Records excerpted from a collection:

───

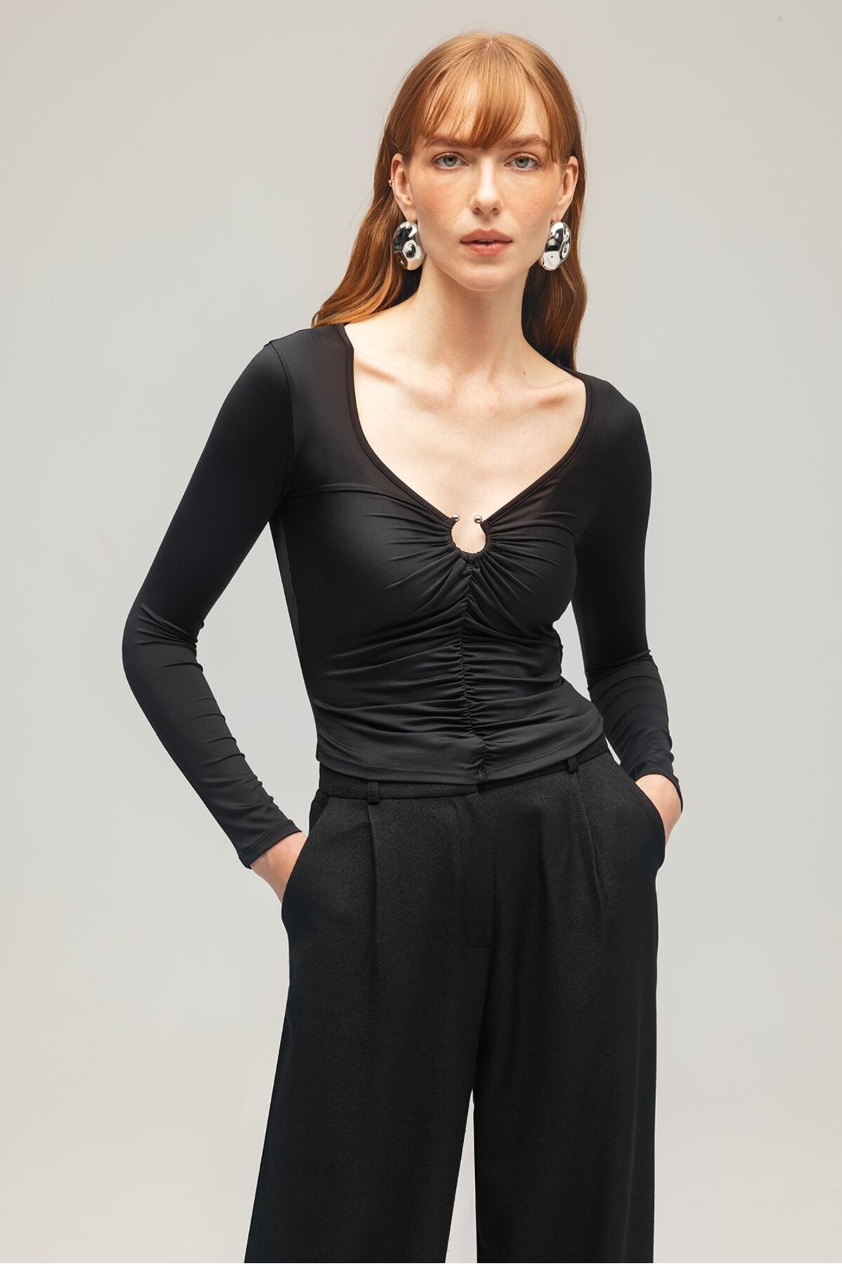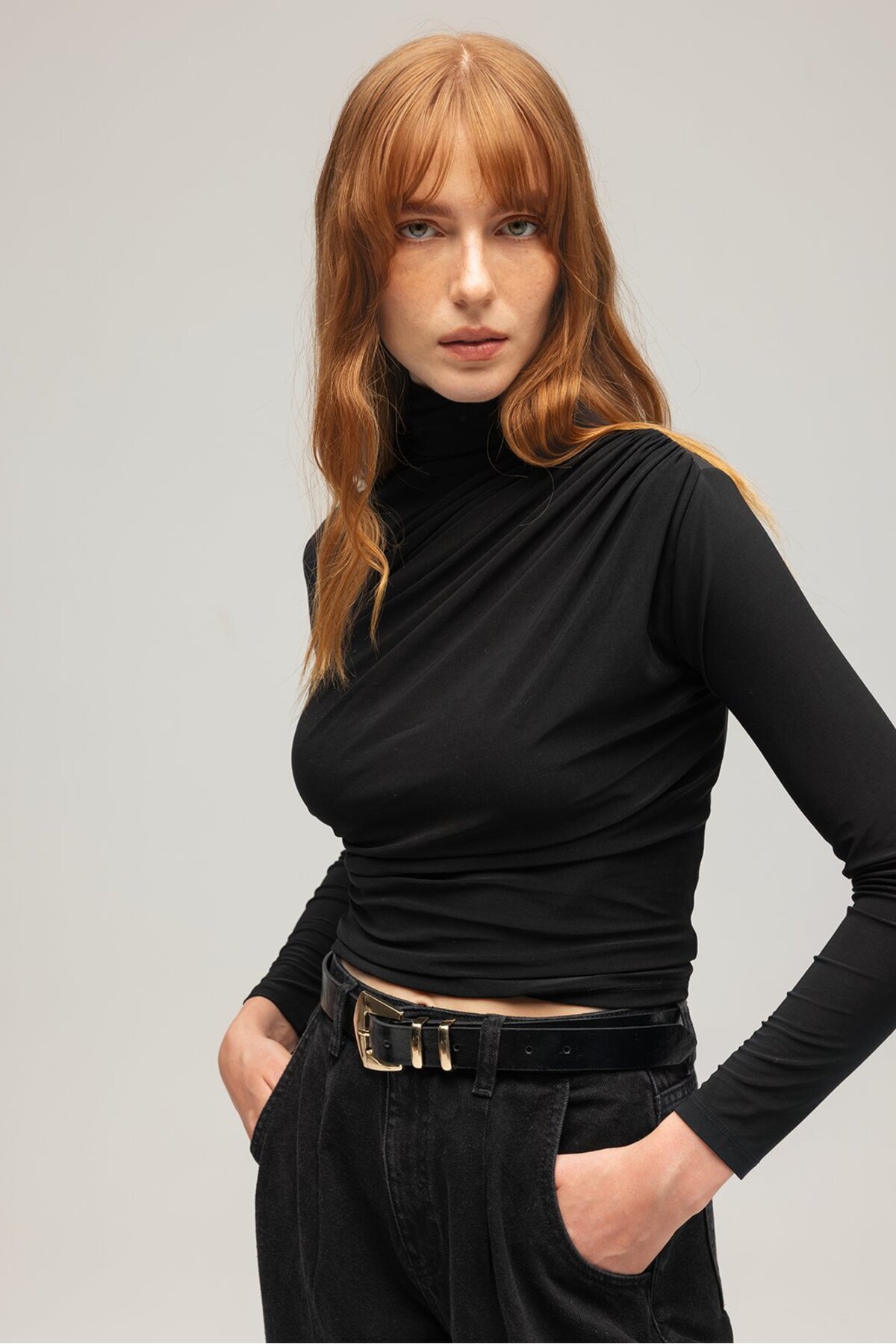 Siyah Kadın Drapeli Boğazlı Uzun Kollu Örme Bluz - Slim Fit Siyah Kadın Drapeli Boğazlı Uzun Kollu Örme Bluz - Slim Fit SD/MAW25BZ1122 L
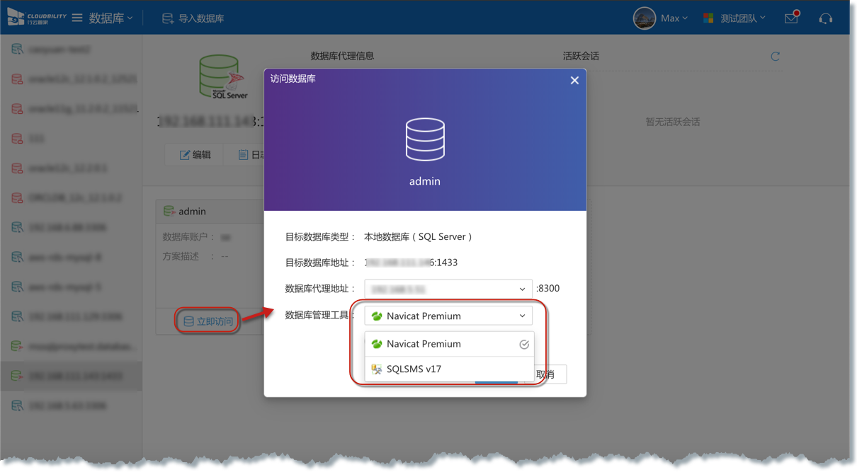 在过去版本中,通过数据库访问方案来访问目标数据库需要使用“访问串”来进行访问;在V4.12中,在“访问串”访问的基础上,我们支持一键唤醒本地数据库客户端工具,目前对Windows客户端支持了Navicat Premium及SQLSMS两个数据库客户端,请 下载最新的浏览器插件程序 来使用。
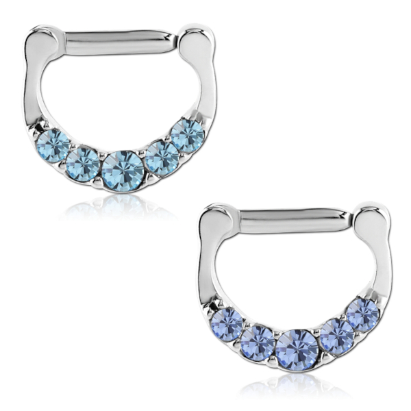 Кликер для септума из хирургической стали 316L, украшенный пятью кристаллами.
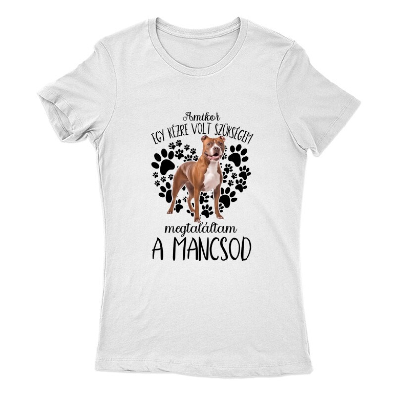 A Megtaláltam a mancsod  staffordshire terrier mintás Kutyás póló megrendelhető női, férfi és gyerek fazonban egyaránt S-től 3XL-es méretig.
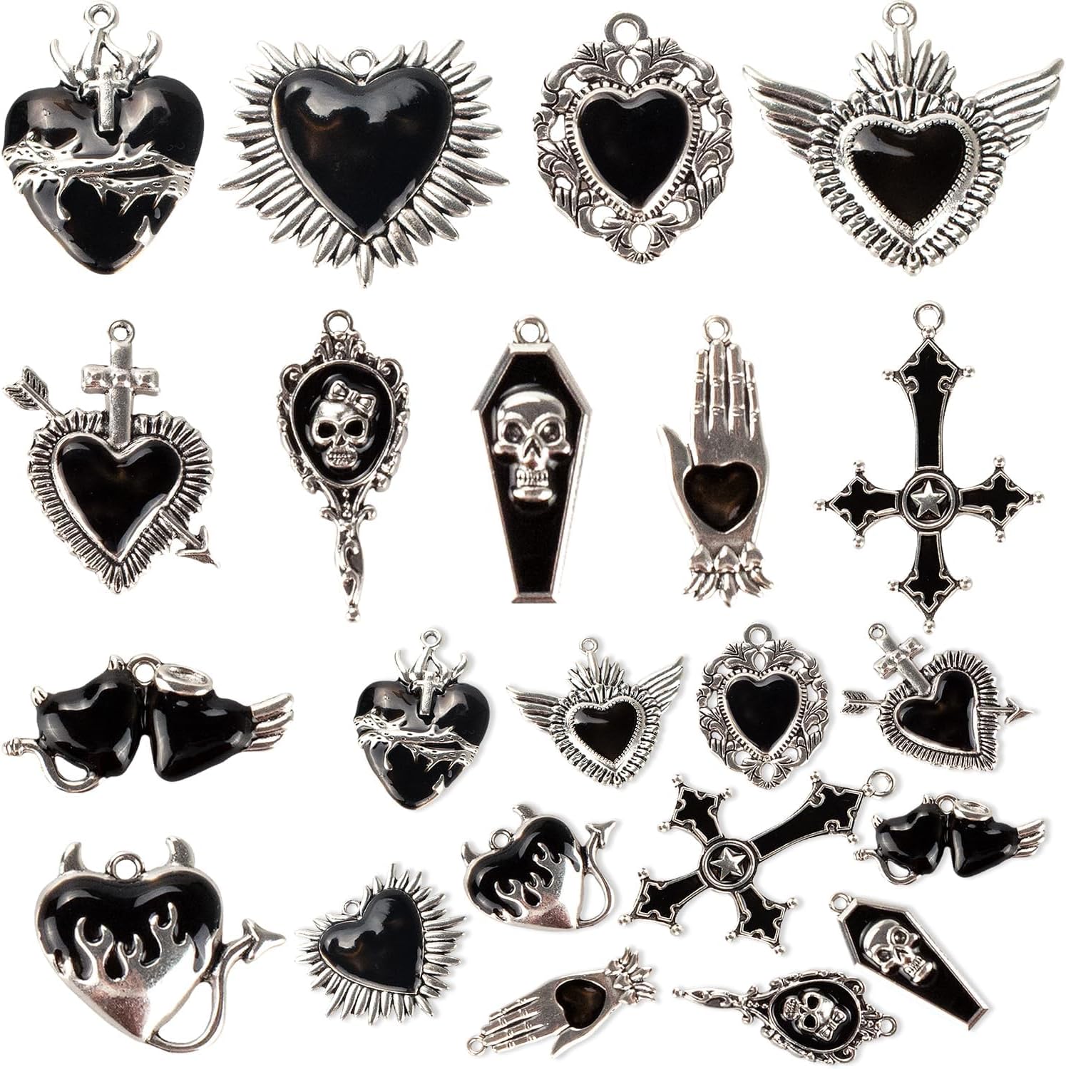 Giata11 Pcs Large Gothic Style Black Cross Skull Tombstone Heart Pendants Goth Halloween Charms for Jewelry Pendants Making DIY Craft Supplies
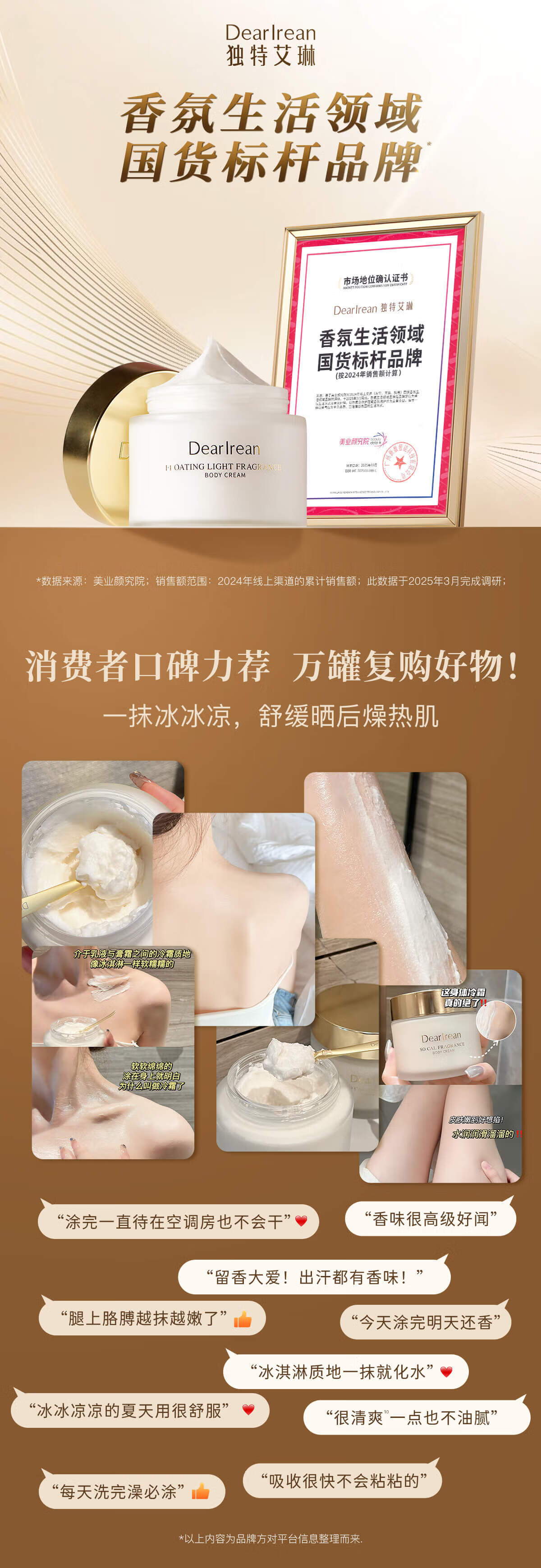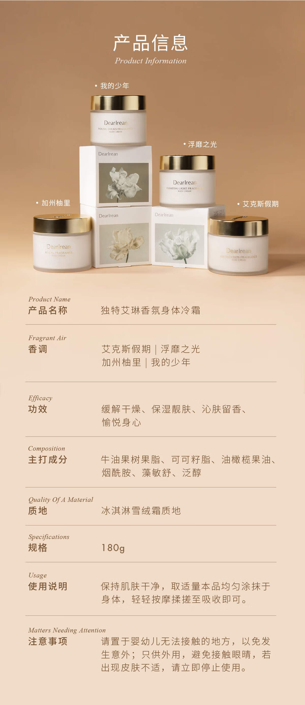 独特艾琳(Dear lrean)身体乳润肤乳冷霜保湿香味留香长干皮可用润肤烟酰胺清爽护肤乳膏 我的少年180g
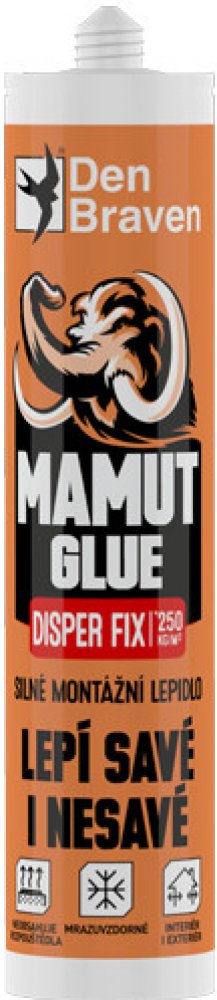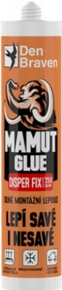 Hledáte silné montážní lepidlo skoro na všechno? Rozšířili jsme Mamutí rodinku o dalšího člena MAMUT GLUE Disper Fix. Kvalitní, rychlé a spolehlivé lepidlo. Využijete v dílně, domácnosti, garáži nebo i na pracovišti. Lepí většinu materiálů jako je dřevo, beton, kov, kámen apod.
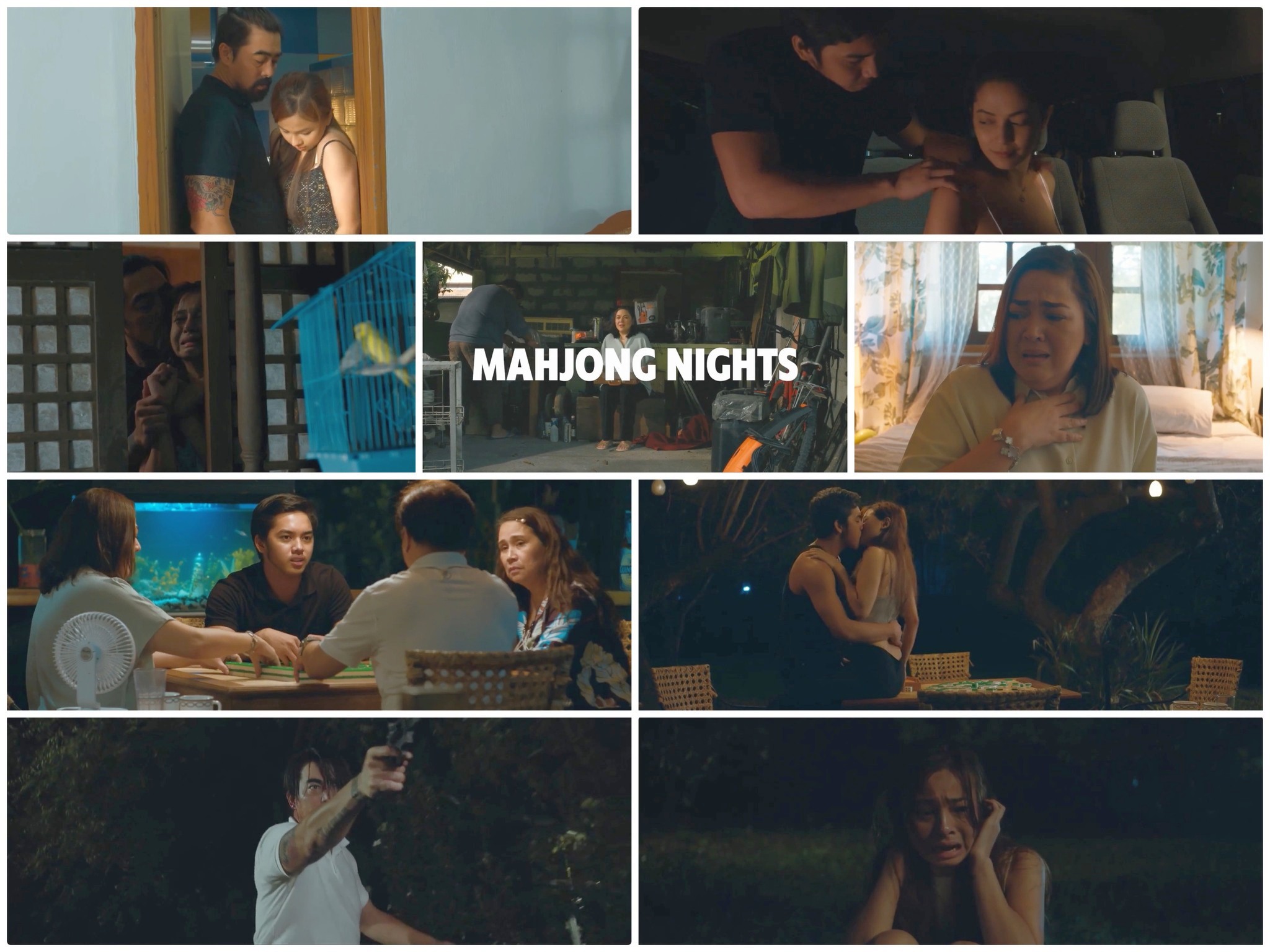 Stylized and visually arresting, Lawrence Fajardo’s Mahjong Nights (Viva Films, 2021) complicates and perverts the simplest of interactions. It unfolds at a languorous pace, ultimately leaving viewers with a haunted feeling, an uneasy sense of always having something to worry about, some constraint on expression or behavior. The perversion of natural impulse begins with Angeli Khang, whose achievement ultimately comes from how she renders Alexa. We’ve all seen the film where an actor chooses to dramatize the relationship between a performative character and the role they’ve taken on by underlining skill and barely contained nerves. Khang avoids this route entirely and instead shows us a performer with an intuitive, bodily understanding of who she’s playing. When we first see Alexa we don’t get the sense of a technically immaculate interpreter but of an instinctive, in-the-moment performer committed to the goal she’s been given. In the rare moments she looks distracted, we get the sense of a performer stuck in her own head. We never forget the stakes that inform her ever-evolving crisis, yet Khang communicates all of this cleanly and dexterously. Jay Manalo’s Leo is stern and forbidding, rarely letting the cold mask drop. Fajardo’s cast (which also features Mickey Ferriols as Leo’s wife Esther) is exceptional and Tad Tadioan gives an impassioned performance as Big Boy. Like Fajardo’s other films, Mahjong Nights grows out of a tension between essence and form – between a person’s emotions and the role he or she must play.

───

• Assignment: Only the lines above starting with the line with "Giata11 Pcs Large" and going on through the line with "Hledáte silné montážní" belong in the answer; repeat them exactly, minus any picture.

• Worked solution:
 Giata11 Pcs Large Gothic Style Black Cross Skull Tombstone Heart Pendants Goth Halloween Charms for Jewelry Pendants Making DIY Craft Supplies
 独特艾琳(Dear lrean)身体乳润肤乳冷霜保湿香味留香长干皮可用润肤烟酰胺清爽护肤乳膏 我的少年180g
 Hledáte silné montážní lepidlo skoro na všechno? Rozšířili jsme Mamutí rodinku o dalšího člena MAMUT GLUE Disper Fix. Kvalitní, rychlé a spolehlivé lepidlo. Využijete v dílně, domácnosti, garáži nebo i na pracovišti. Lepí většinu materiálů jako je dřevo, beton, kov, kámen apod.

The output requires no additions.